Excerpted records -
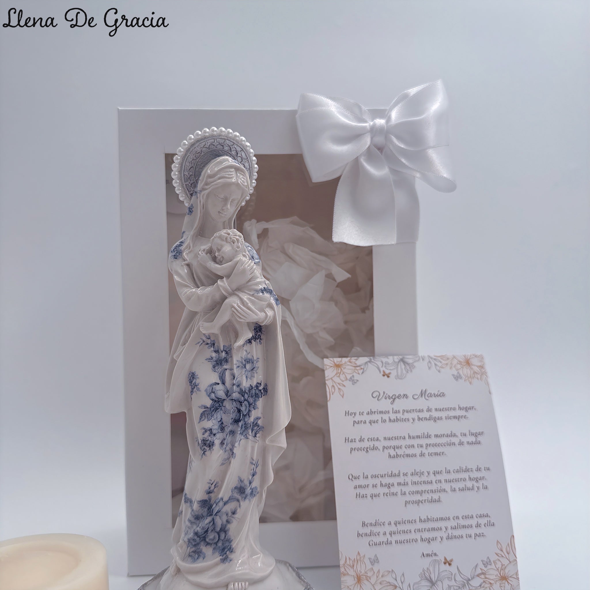 Hermosa figura de la Virgen María de la Salud de 24 cms de altura, elaborada en resina marfil de alta calidad y pintada a mano utilizando diversas técnicas de arte, ideal para la devoción y oración en el hogar.
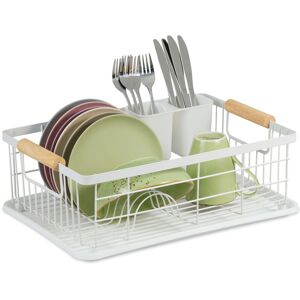 Save time hand-drying dishes by setting them in this practical dish drainer after washing them! The large stainless steel dish rack provides ample space for plates and cups. The cutlery basket is divided into 3 compartments so you can separate knives, forks and spoons. The top part of the dish drainer is perfect for setting dishes to dry. The functional and shiny design of the dish stand looks lovely in any kitchen. Details on the Dish Drainer with Cutlery Basket • Total size: HxWxD: approx 23.5 x 48 x 32 cm (fully set up) • Cutlery basket with hanging mechanism and drip holes • Outer size of 3-part cutlery basket: HxWxD: approx 10 x 12.5 x 5 cm (height back wall) • Attachable dish drainer: HxWxD: approx 13 x 26 x 31 cm (10 dish holders) • Drip tray: approx 48 x 32 cm • Weight: approx 2 kg • Material: Stainless steel • Colour: Silver Draining Basket, Tray and Cutlery Basket in One • Air-dry your dishes • No puddles on your countertops • Dish water collects in tray • Chic and
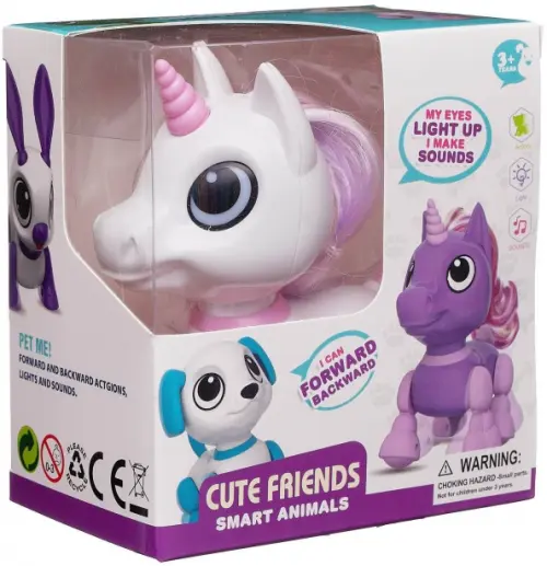 Очаровательная миниатюрная интерактивная Лошадка-единорог от бренда Junfa покорит сердце любой девочки с первого взгляда. У лошадки большие глаза, характерный рог, грива, которую можно расчесывать. Ее корпус белого цвета, а лапы, хвостик, рог - розового, грива имеет перламутровую окраску в сиренево-розовых тонах. Единорожка умеет ходить вперед и назад, при этом работает подсветка ее глаз, она издает характерные для лошадки звуки.
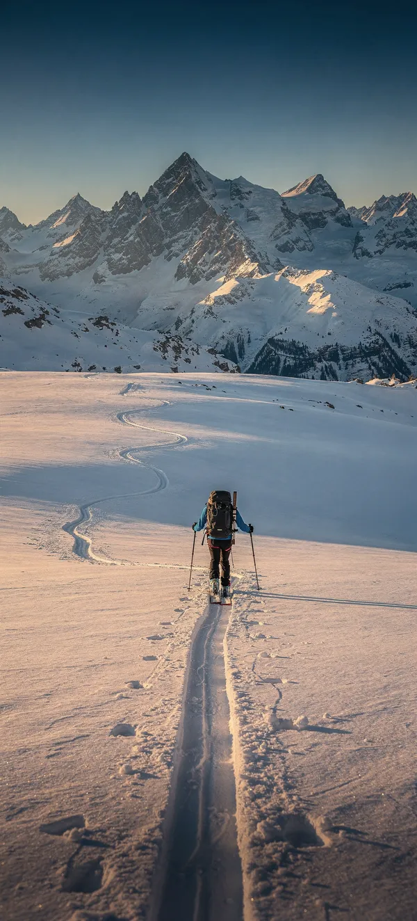 SportsStunning backcountry skiing wallpaper featuring pristine mountain slope, fresh powder, and epic alpine panorama. High-resolution winter sports background.
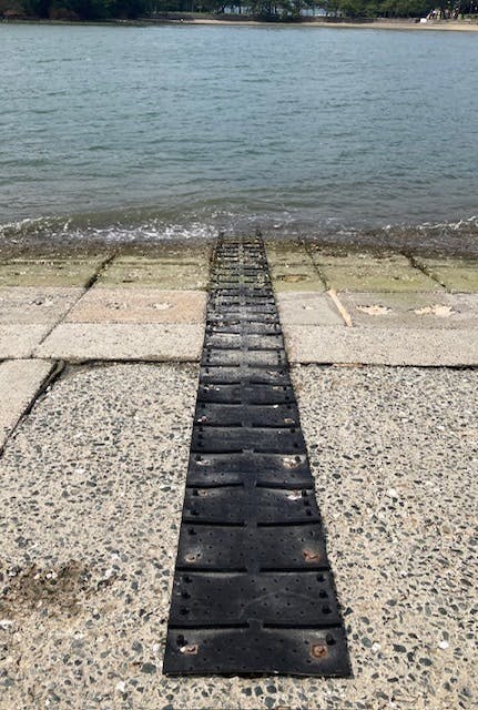 それは福岡県にあるヨットハーバーとのことで、さっそく視察に行ってみました。確かに滑べり防止マットが敷かれていて、効果があるようでした。(当社の製品ではありません)
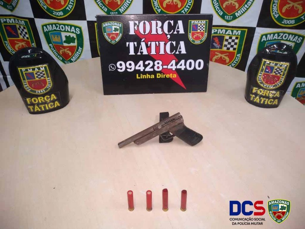 Ao chegar ao local, os policiais realizaram abordagem a um jovem com as características informadas na denúncia, e com ele encontraram uma arma de fabricação caseira calibre 36, com quatro munições para o mesmo calibre, sendo duas deflagradas e duas intactas.
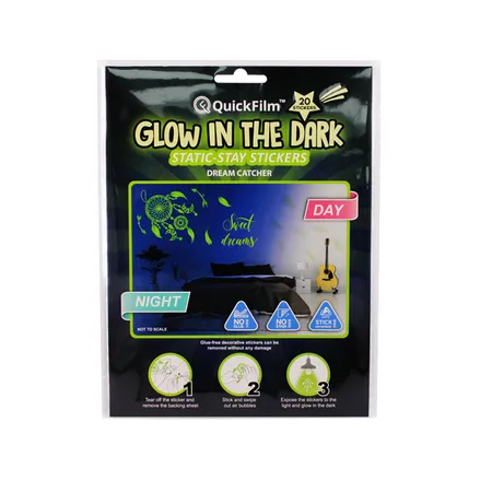 • QuickFilm™ Glow-In-Dark Wall Decoration Stickers do not contain glue, can be moved easily, and leave no trace behind. It can be adhered to any smooth surface such as walls (including painted walls), ceilings, furniture, fridges, round surfaces, glass, etc. With one easy tear-and-paste motion, you can instantly renew the look of your interior, bringing constant freshness to your environment.

Prompt -
Reproduce the lines from the one holding "それは福岡県にあるヨットハー" through the end of the entries above exactly, keeping both ends and dropping every picture.

Solved problem -
 それは福岡県にあるヨットハーバーとのことで、さっそく視察に行ってみました。確かに滑べり防止マットが敷かれていて、効果があるようでした。(当社の製品ではありません)
 Ao chegar ao local, os policiais realizaram abordagem a um jovem com as características informadas na denúncia, e com ele encontraram uma arma de fabricação caseira calibre 36, com quatro munições para o mesmo calibre, sendo duas deflagradas e duas intactas.
 • QuickFilm™ Glow-In-Dark Wall Decoration Stickers do not contain glue, can be moved easily, and leave no trace behind. It can be adhered to any smooth surface such as walls (including painted walls), ceilings, furniture, fridges, round surfaces, glass, etc. With one easy tear-and-paste motion, you can instantly renew the look of your interior, bringing constant freshness to your environment.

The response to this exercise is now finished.